I doubt we can prepare a choropleth map using Outward post codes...
Perhaps using the smallest granularity of the UK (taken from here: Open Geography Portal : Wards (May 2021) UK BGC : Wards (May 2021) UK BGC (statistics.gov.uk) would help?

#Load the shapefile - make sure you change the filepath to where you saved the shapefiles
shapefile <- readOGR(dsn="C:/Users/.../GeoInfo/Wards_(May_2021)_UK_BGC", layer="Wards_(May_2021)_UK_BGC")

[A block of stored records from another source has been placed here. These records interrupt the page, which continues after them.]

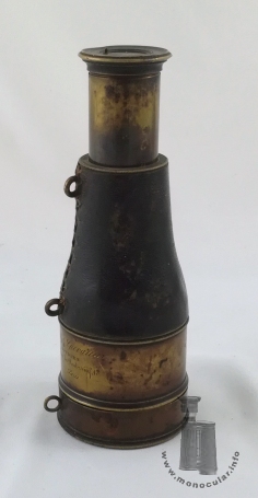 Das Galileische Monokular wiegt 470g. Es ist 142-182mm lang; die Sonnenblende lässt sich bis zu 35mm ausziehen. Die Metallaugenmuschel ist 47,7mm, der Auszugstubs 38mm, der konische Tubus 44-64 mm und der gerade Objektivtubus 61mm im Durchmesser. Die 55mm lange Sonnenblende ist 65mm, die Schutzkappe 67mm im Durchmesser. Ein weiteres Exemplar ohne Belderung ist bekannt (s. letztes Foto). |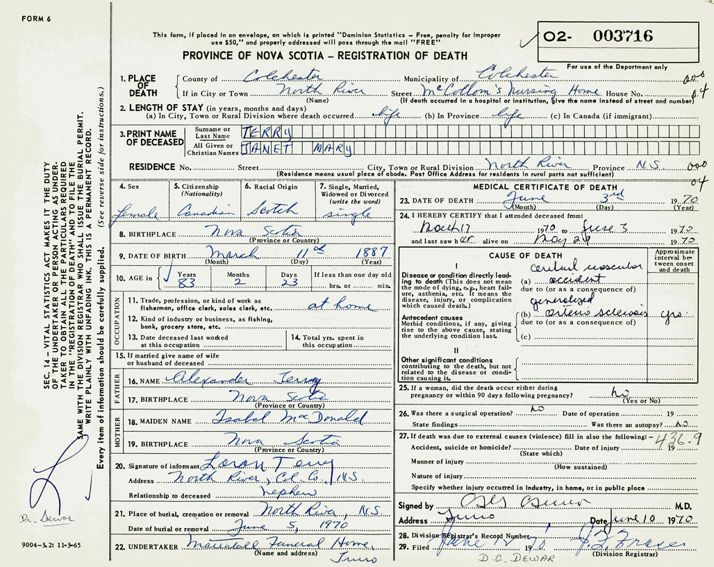 PROVINCE OF NOVA SCOTIA — REGISTRATION OF DEATH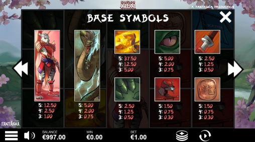 Samurai Ken – видео-слот с пятью барабанами, двадцатью фиксированными полосами и пятнадцатью позициями для картинок на основном экране.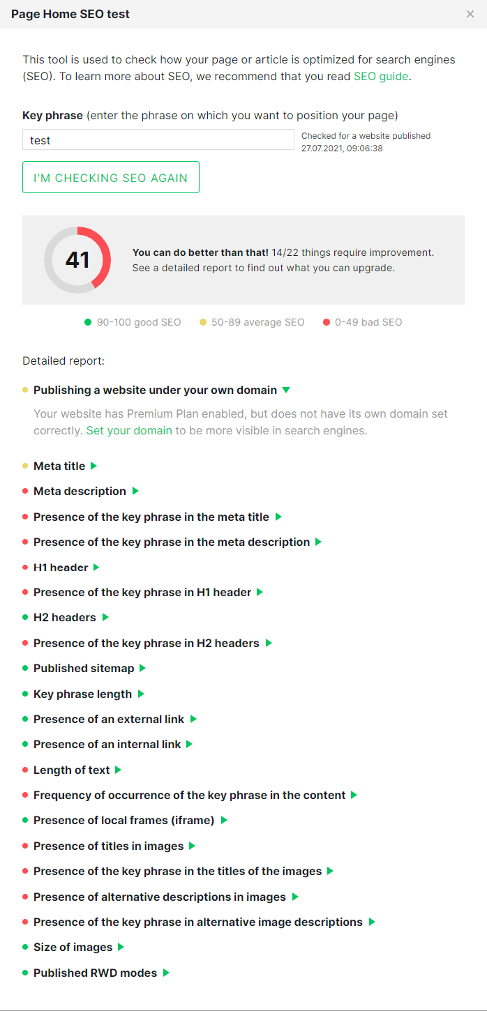 Keep in mind that each subpage has a separate SEO. To achieve the best results, scan all the subpages with WebWave SEO analyzer.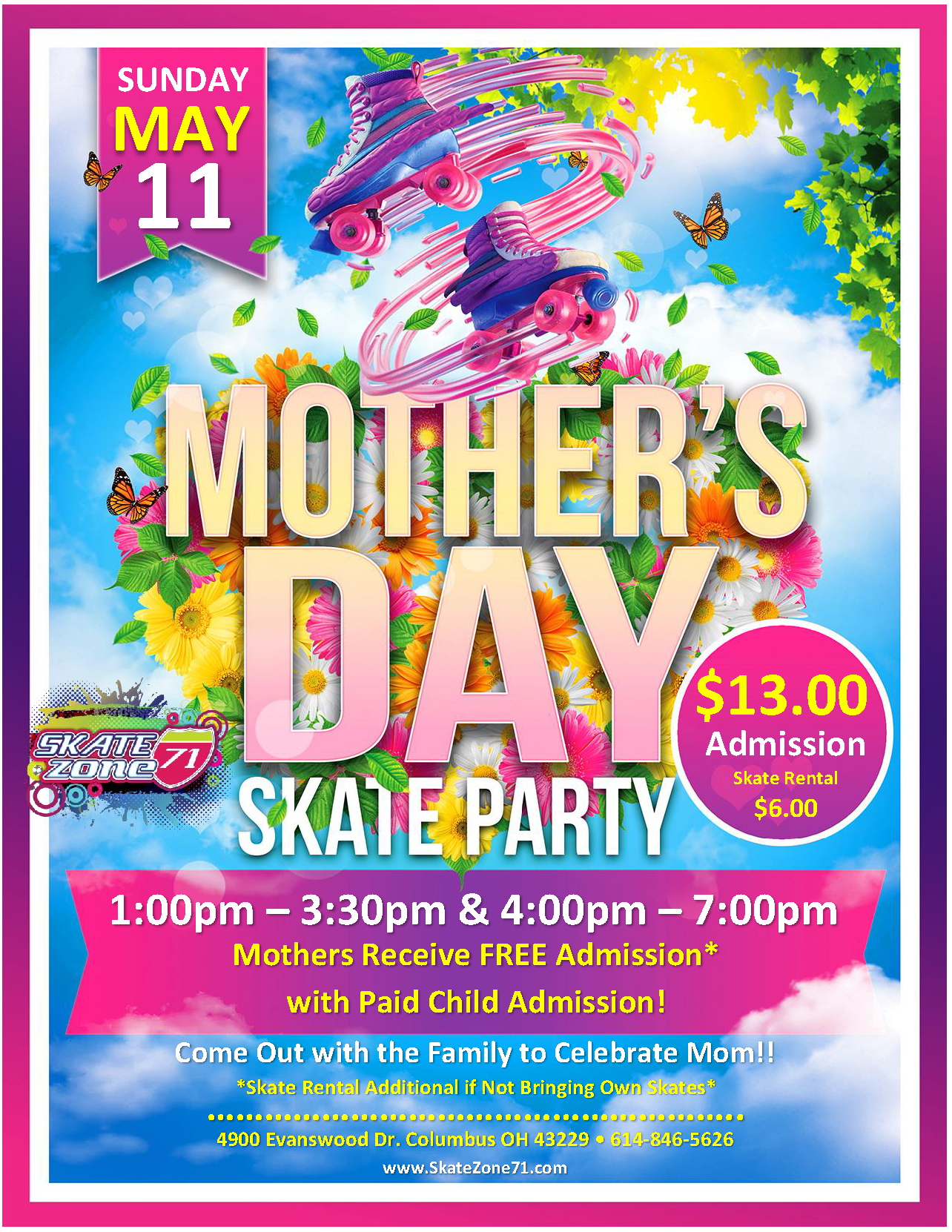 Celebrate Motherās Day on Wheels! Trade the flowers for fun and bring Mom to Skate Zone 71!

#Reshape for ggplot2 using the Broom package
mapdata <- tidy(shapefile) #This might take a few minutes

I am slowly loosing faith in R :frowning:

R as such is more than capable of performing the tasks needed to make the choropleth map you are after.

I think the reason you are not getting a solution is because you are asking people here to do all the work for you and that is unlikely to happen, we are more inclined towards helping you with specific coding problems rather than doing your work for you.

I understand that. I am only looking for a map source (UK) which would allow me to link my data with 3-4 digit post codes (called outward post codes).
This is the most important step.
Then we just need to link this map source with my data. I can do everything else...

Well, this part is not R related, maybe you will have better luck asking for map sources in a GIS specific forum.

I'm going to add the spatial tag to your topic to attract GIS experienced people that might be able to help.

1 Like

I could possibly use this German template as there are different levels of the map info (NAME_1, NAME_2, NAME_3):

library(tidyverse)
library(rnaturalearth)

scores <- data.frame(stringsAsFactors = FALSE,
                     NAME_3 = c("Berlin", "Hannover", "Dresden", "Frankfurt am Main", "Stuttgart"),
                     score = c(80, 70, 90, 100, 20))

germany <- ne_states(country = "germany", returnclass = "sf") %>%
  select(name)

# Download this file from the GDAM site
url_regions <- "https://biogeo.ucdavis.edu/data/gadm3.6/Rsf/gadm36_DEU_3_sf.rds"
scored_regions <- readRDS(url(url_regions)) %>% 
  filter(NAME_3 %in% scores$NAME_3) %>% 
  full_join(scores)

ggplot() +
  geom_sf(data = germany, alpha = 0.3) +
  geom_sf(data = scored_regions, aes(fill = score)) +
  geom_sf_text(data = scored_regions, aes(label = NAME_3), nudge_y = 0.3, color = "blue") +
  scale_fill_gradient(low = "red", high = "green") +
  labs(title = "Germany Scores",
       fill = "Scores") +
  theme_minimal() +
  theme(plot.title = element_text(hjust = 0.5, size = 20),
        axis.title = element_blank(),
        plot.background = element_blank(),
        legend.position = c(0.95, 0.20),
        plot.margin = margin(5, 0, 5, 0))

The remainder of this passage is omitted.